→ **What is needed**
Pictures are to be left out. Return exactly the lines below from the one with "Миша на игровой" up to and including the one with "Zestaw zawiera: wiaderko, konewkę".

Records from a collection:
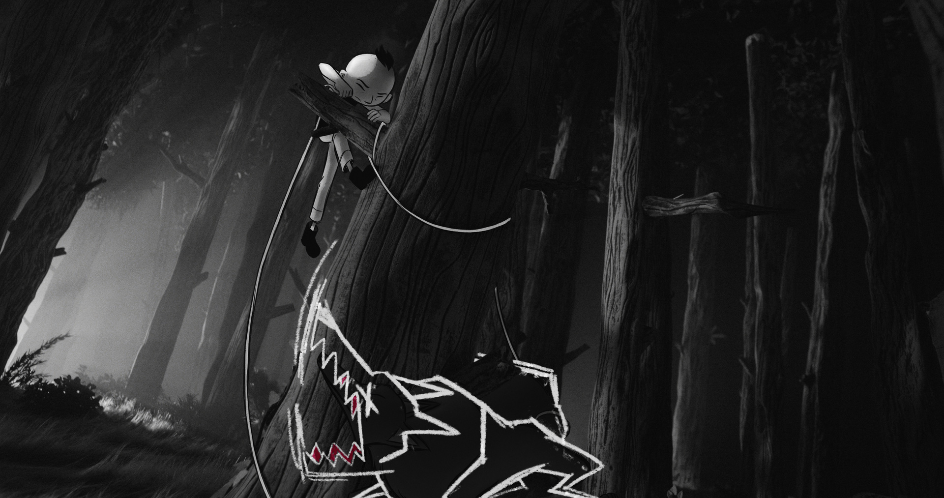 The film’s animation is a decent hybrid between hand-drawn and computer-generated with sets and (most) objects rendered with the latter and characters moving above them via the former. There’s Peter, Bird, Duck, Cat, Grandfather, and Wolf all living in close proximity around a stone fenced home within a forested meadow. While the whole feels familiar in many regards (save the black and white monochrome augmented by splashes of red), the real intrigue lies in the superimposition of Bono’s zigzag-toothed wolf upon the figure itself as a sort of mask manifested by Peter’s fear.
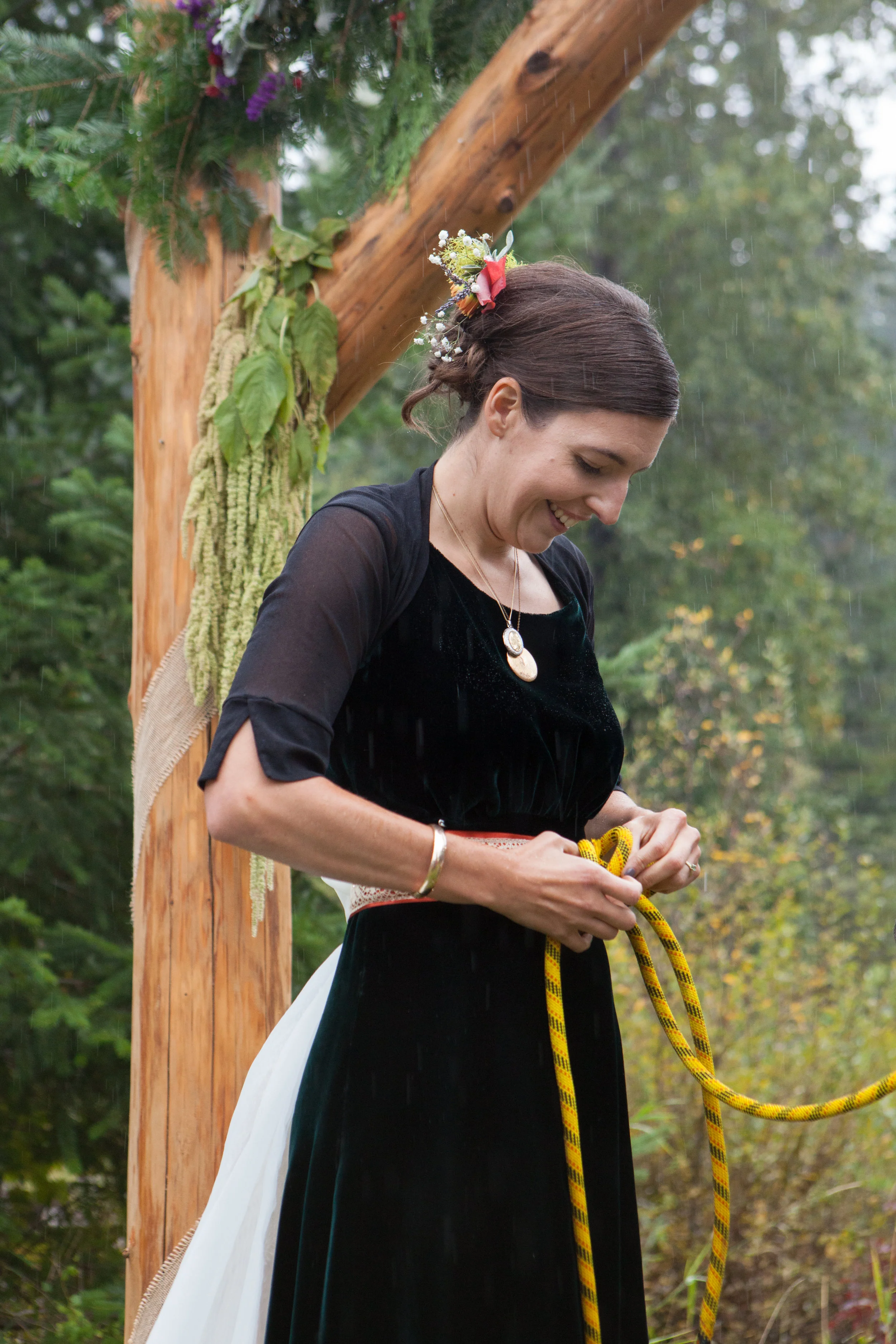 In truly Pacific Northwest style, my friends Rachel and Jon embraced the rain on their wedding day and committed their vows in the fall precipitation. They tied a double fisherman's knot in piece of climbing rope, symbolizing the connection of their two live paths.
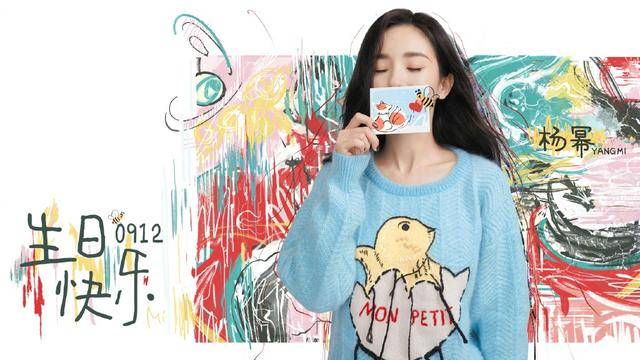 杨幂身着一件画有小鸟破壳的图案很是应景,因为“破壳日”也是生日的另一种说法,羡慕杨幂这铅笔腿。杨幂双手比心,动作十分可爱。
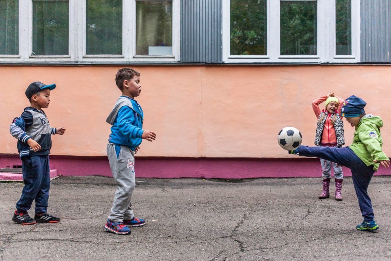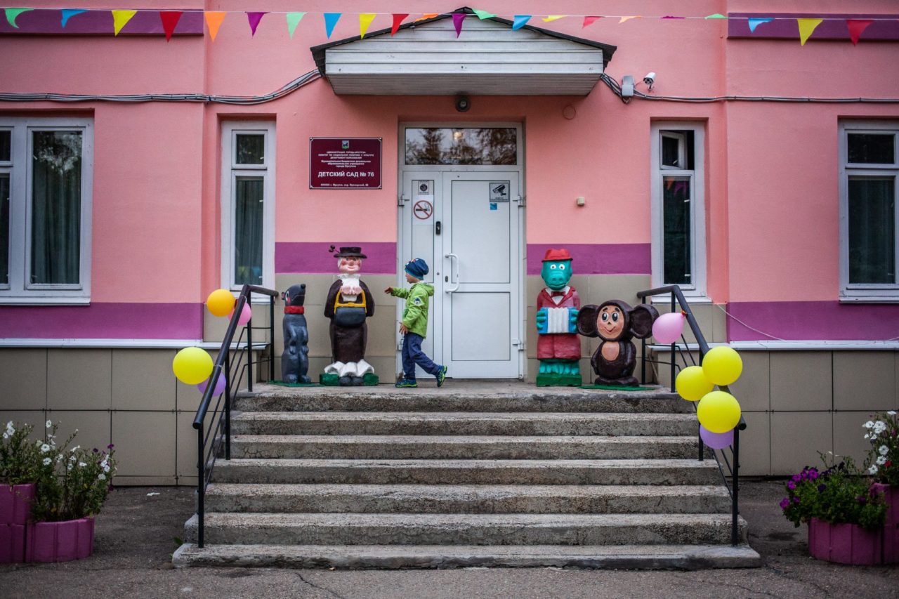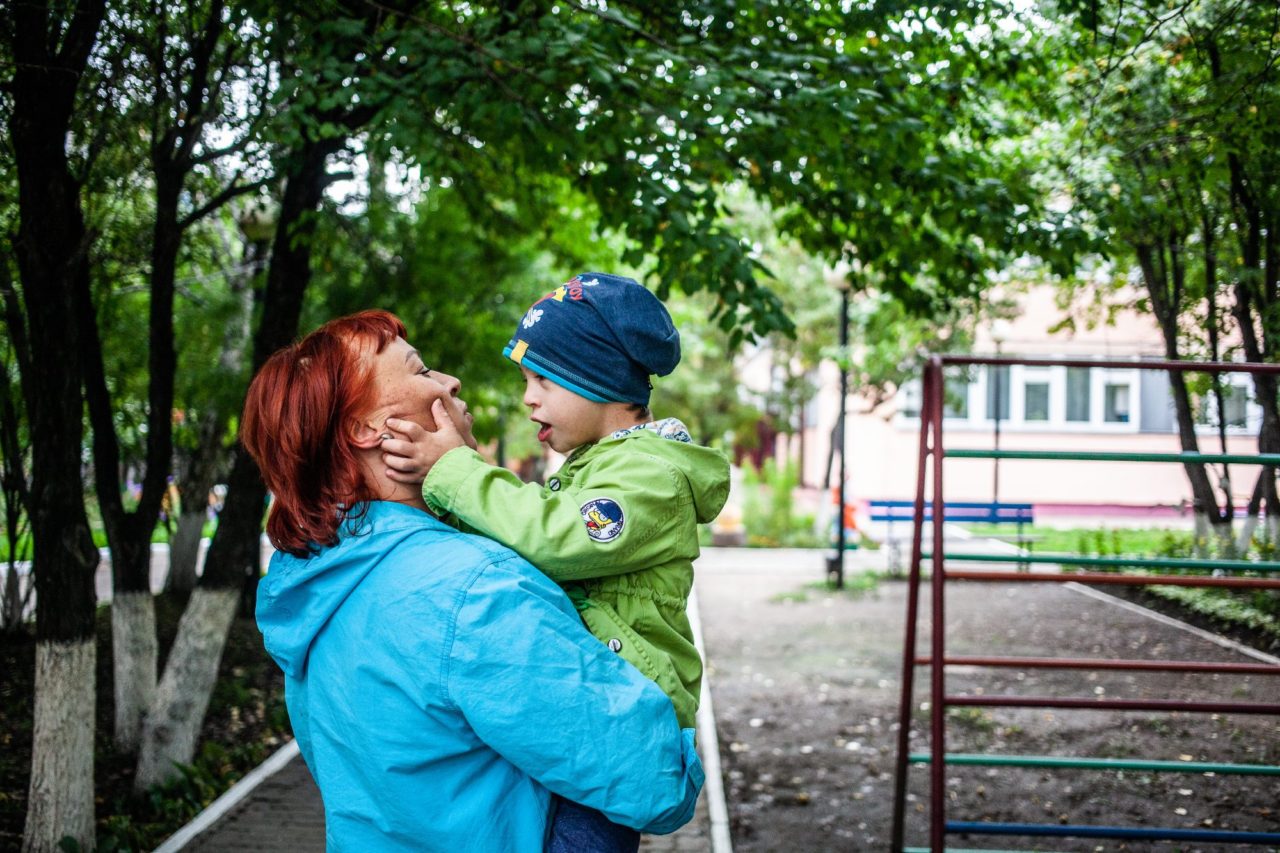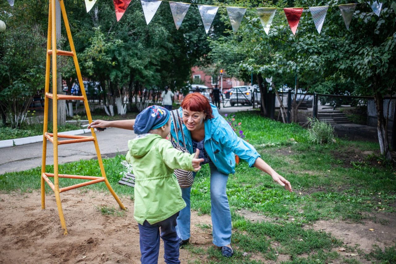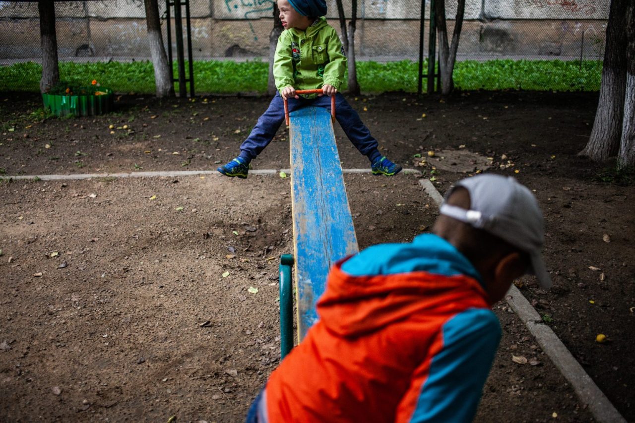 Миша на игровой площадке детского садаФото: Антон Климов для ТД «Радуга» открыла в Иркутске центр «Моя и мамина школа», где родители могут получить консультацию, поддержку и познакомиться друг с другом, если захотят. Специалисты «Моей и маминой школы» выезжают в роддома и разговаривают с родителями новорожденных с синдромом.
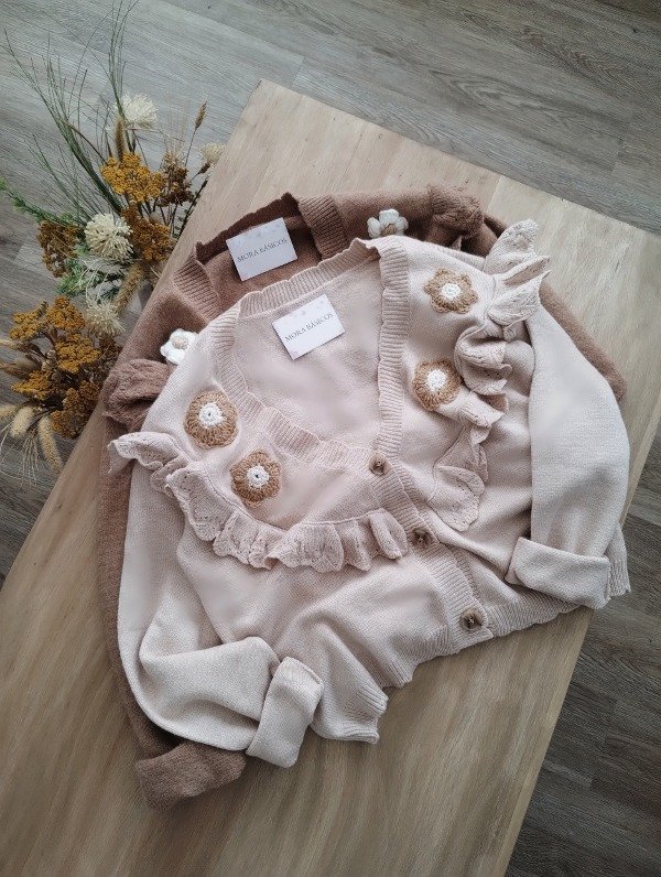 Cardigan de doble bremer con detalle de volados y flores bordadas en lana. Caída amplia.
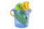 Zestaw zawiera: wiaderko, konewkę delfinka, grabki i łopatkę. Zestawy wykonane są z wysokiej jakości, bezpiecznego, bezwonnego tworzywa sztucznego.
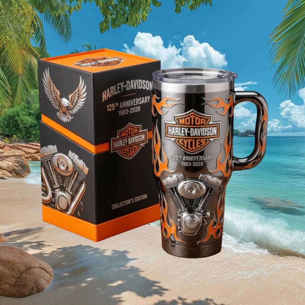 Celebrate your passion with this premium stainless steel insulated tumbler featuring a stunning Harley Davidson 125th Anniversary Collectors Edition design. Crafted for true fans and collectors, this Lifestyle/Brands edition tumbler keeps drinks cold for 24 hours and hot for 12 hours. Double-wall vacuum insulation and a durable powder-coated finish make it perfect for everyday use or as a one-of-a-kind gift. Limited edition collectible — a must-have for any dedicated fan.
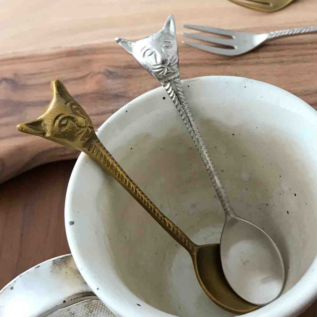 ティースプーン 12cm ブラスカトラリー キャットフェイス ブラス ( コーヒースプーン スプーン 洋食器 カトラリー )

→ **Answer for the task**
 Миша на игровой площадке детского садаФото: Антон Климов для ТД «Радуга» открыла в Иркутске центр «Моя и мамина школа», где родители могут получить консультацию, поддержку и познакомиться друг с другом, если захотят. Специалисты «Моей и маминой школы» выезжают в роддома и разговаривают с родителями новорожденных с синдромом.
 Cardigan de doble bremer con detalle de volados y flores bordadas en lana. Caída amplia.
 Zestaw zawiera: wiaderko, konewkę delfinka, grabki i łopatkę. Zestawy wykonane są z wysokiej jakości, bezpiecznego, bezwonnego tworzywa sztucznego.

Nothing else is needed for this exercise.